**SUPPLIED MATERIAL**

--------

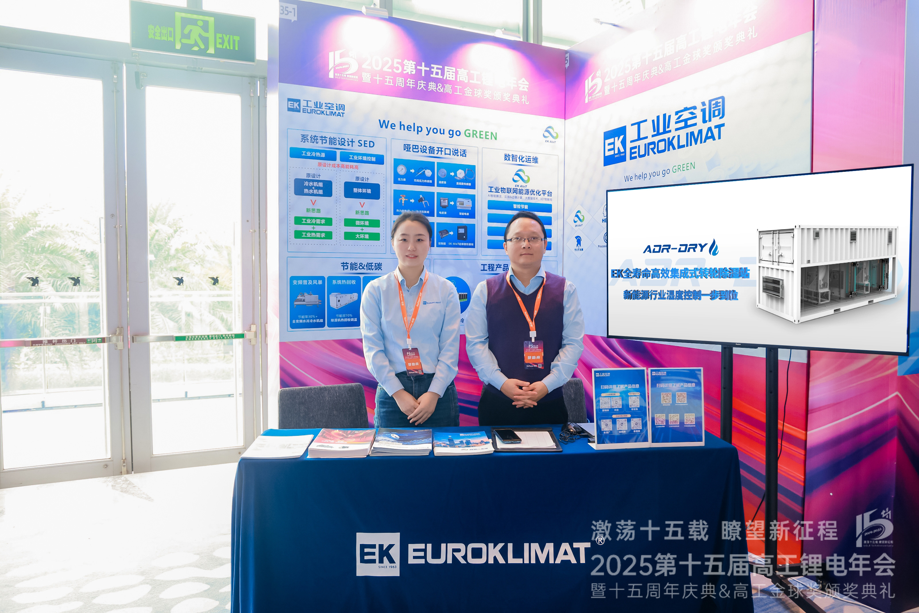 EK工業空調專注工業環境控製60餘年,始終致力於提高能源利用效率和可再生能源應用。本次大會現場,EK工(gong)業(ye)空(kong)調(tiao)設(she)立(li)專(zhuan)屬(shu)展(zhan)位(wei),技(ji)術(shu)工(gong)程(cheng)師(shi)團(tuan)隊(dui)為(wei)現(xian)場(chang)嘉(jia)賓(bin)詳(xiang)細(xi)講(jiang)解(jie)應(ying)用(yong)於(yu)新(xin)能(neng)源(yuan)鋰(li)電(dian)生(sheng)產(chan)的(de)環(huan)境(jing)控(kong)製(zhi)產(chan)品(pin)與(yu)節(jie)能(neng)降(jiang)碳(tan)方(fang)案(an),獲(huo)得(de)與(yu)會(hui)者(zhe)的(de)廣(guang)泛(fan)關(guan)注(zhu)與(yu)好(hao)評(ping)。
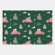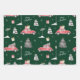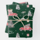 Red Car Winter Pattern Frohe Weihnachten Grün Geschenkpapier Set
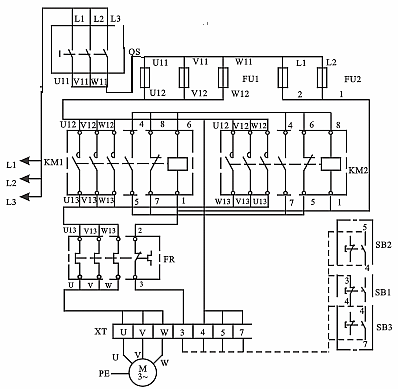 仔細(xì)檢查確認(rèn)接線無誤后,接通交流電源,按下SB2,電機(jī)應(yīng)正轉(zhuǎn)(電機(jī)右側(cè)的軸伸端為順時針轉(zhuǎn),若不符合轉(zhuǎn)向要求,可停機(jī),換接電機(jī)定子繞組任意兩個接線即可)。按下SB3,電機(jī)仍應(yīng)正轉(zhuǎn)。如要電機(jī)反轉(zhuǎn),應(yīng)先按SB1,使電機(jī)停轉(zhuǎn),然后再按SB3,則電機(jī)反轉(zhuǎn)。若不能正常工作,則應(yīng)分析并排除故障,使線路能正常工作。
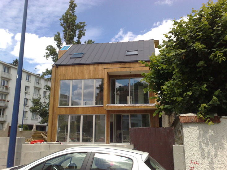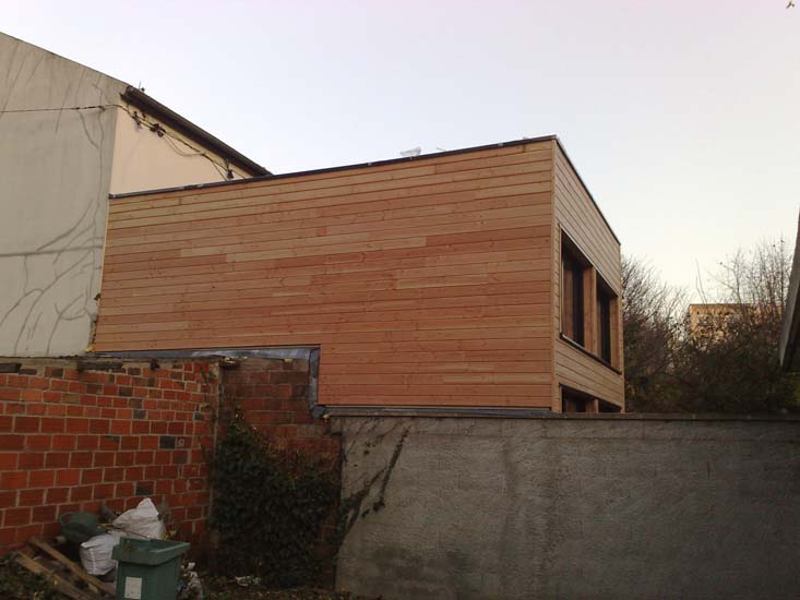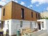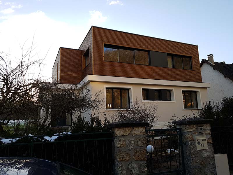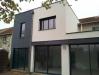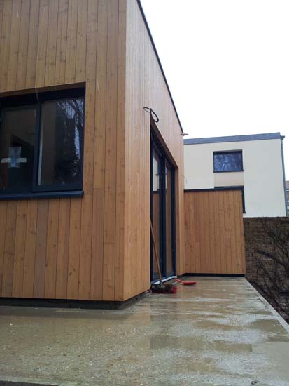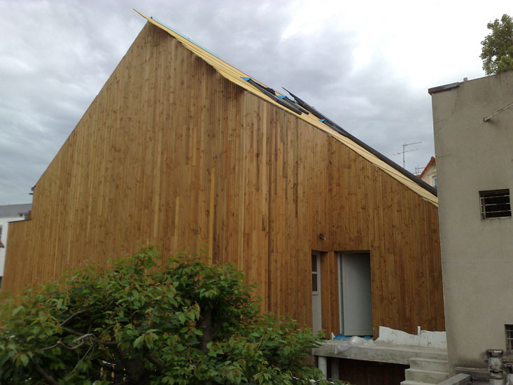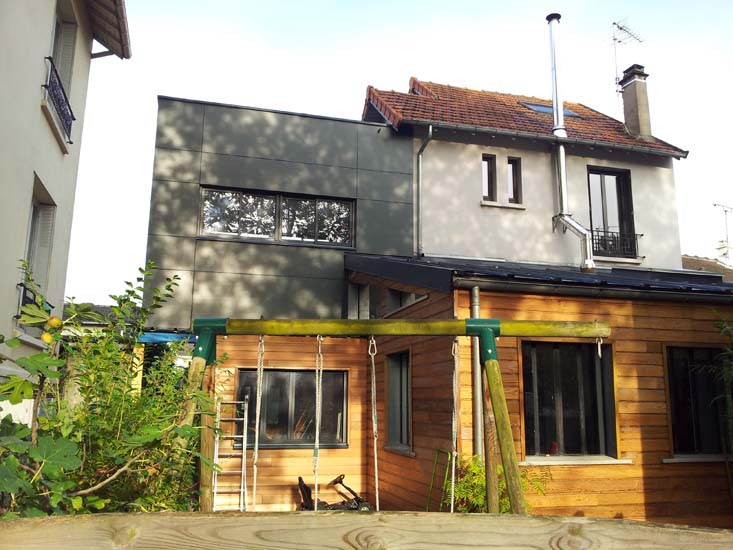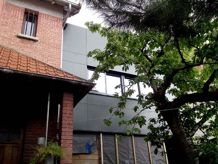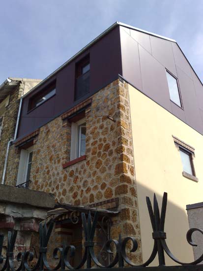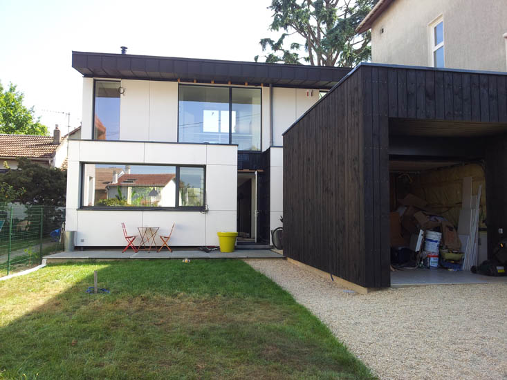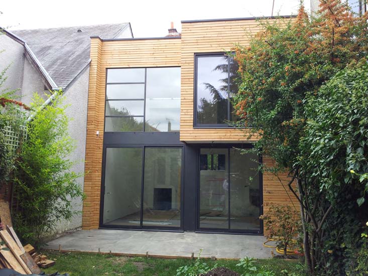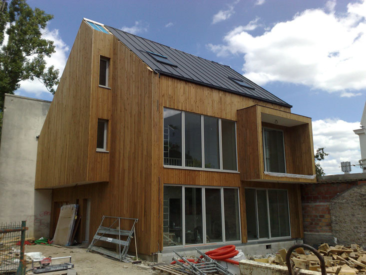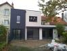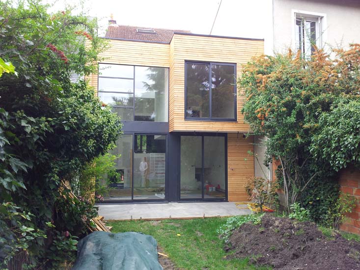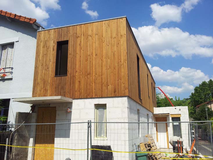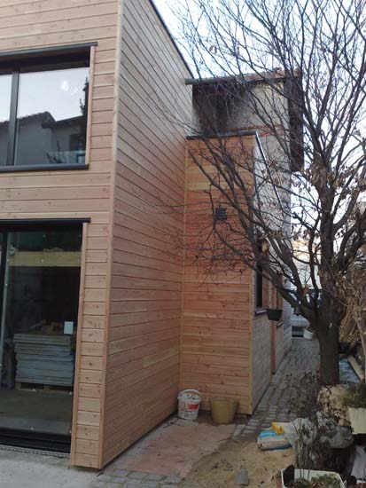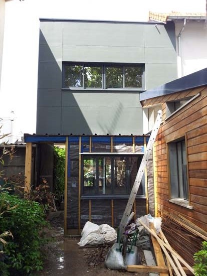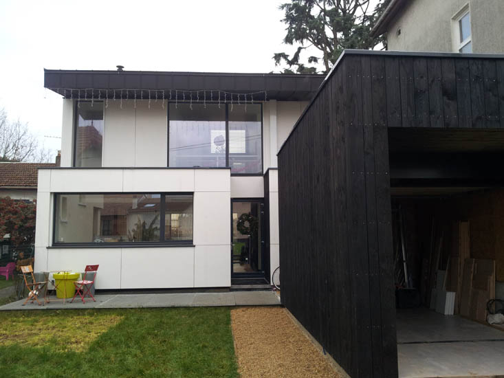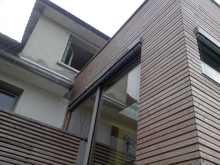 Extension sur deux étages. Toiture avec étanchéité EPDM, skydôme et végétalisation. Isolation extérieure de l'existant et bardage bois en mélèze de l'ensemble.

--------

**REQUIRED WORK**
Transcribe, without alteration, each line from the one with "仔細(xì)檢查確認(rèn" through the last line of the data; no pictures belong in the copy.

**SOLUTION FOR THIS TASK**
 仔細(xì)檢查確認(rèn)接線無誤后,接通交流電源,按下SB2,電機(jī)應(yīng)正轉(zhuǎn)(電機(jī)右側(cè)的軸伸端為順時針轉(zhuǎn),若不符合轉(zhuǎn)向要求,可停機(jī),換接電機(jī)定子繞組任意兩個接線即可)。按下SB3,電機(jī)仍應(yīng)正轉(zhuǎn)。如要電機(jī)反轉(zhuǎn),應(yīng)先按SB1,使電機(jī)停轉(zhuǎn),然后再按SB3,則電機(jī)反轉(zhuǎn)。若不能正常工作,則應(yīng)分析并排除故障,使線路能正常工作。
 Extension sur deux étages. Toiture avec étanchéité EPDM, skydôme et végétalisation. Isolation extérieure de l'existant et bardage bois en mélèze de l'ensemble.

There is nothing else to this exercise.